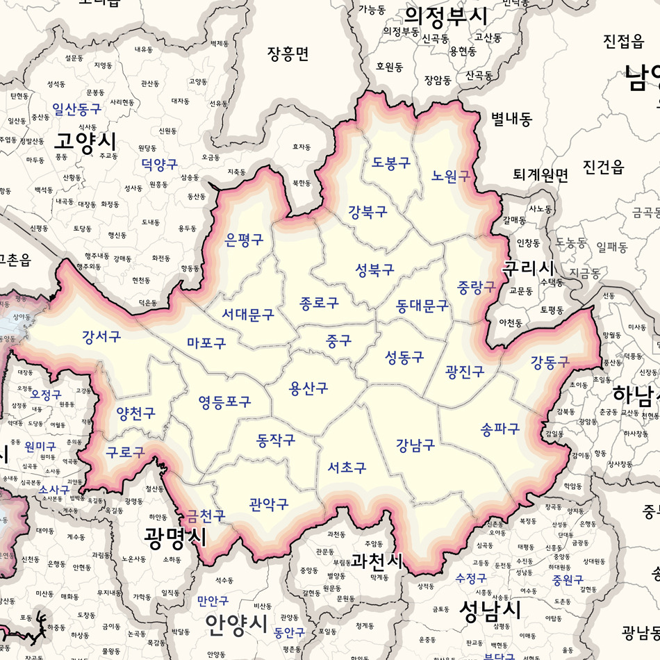 경기도,인천,서울 행정,법정경계 지도 제작사례
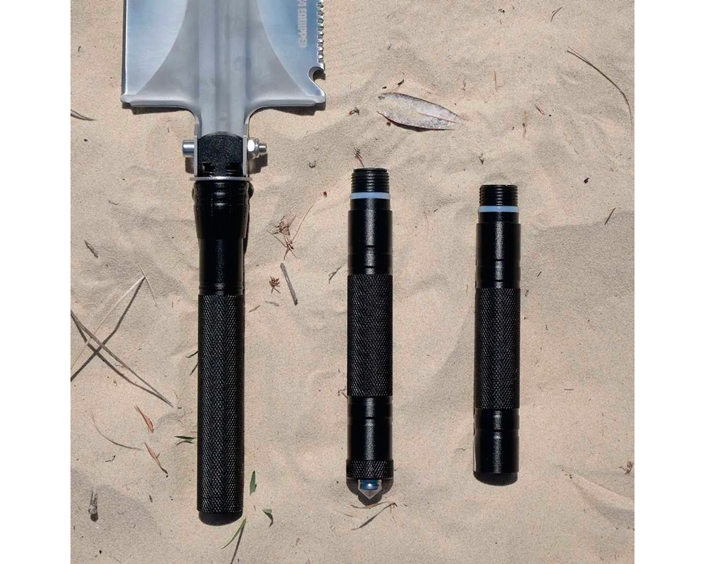 Perfeito para levar sempre no veículo. É uma pá removível e multifuncional que pode ser armazenada em uma pequena bolsa de transporte. É composto por 3 seções interligadas. Possui serra, chave de fenda plana e estrela.
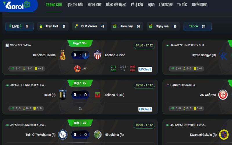 Ngay trên trang chủ, bạn sẽ thấy một danh sách các trận đấu đang và sắp diễn ra trong ngày, được sắp xếp theo thời gian. Các trận đấu nổi bật thường được ghim ở vị trí dễ thấy. Bạn có thể:

Task to carry out
Transcribe all the data word for word; the images stay out.

Exercise response
 경기도,인천,서울 행정,법정경계 지도 제작사례
 Perfeito para levar sempre no veículo. É uma pá removível e multifuncional que pode ser armazenada em uma pequena bolsa de transporte. É composto por 3 seções interligadas. Possui serra, chave de fenda plana e estrela.
 Ngay trên trang chủ, bạn sẽ thấy một danh sách các trận đấu đang và sắp diễn ra trong ngày, được sắp xếp theo thời gian. Các trận đấu nổi bật thường được ghim ở vị trí dễ thấy. Bạn có thể:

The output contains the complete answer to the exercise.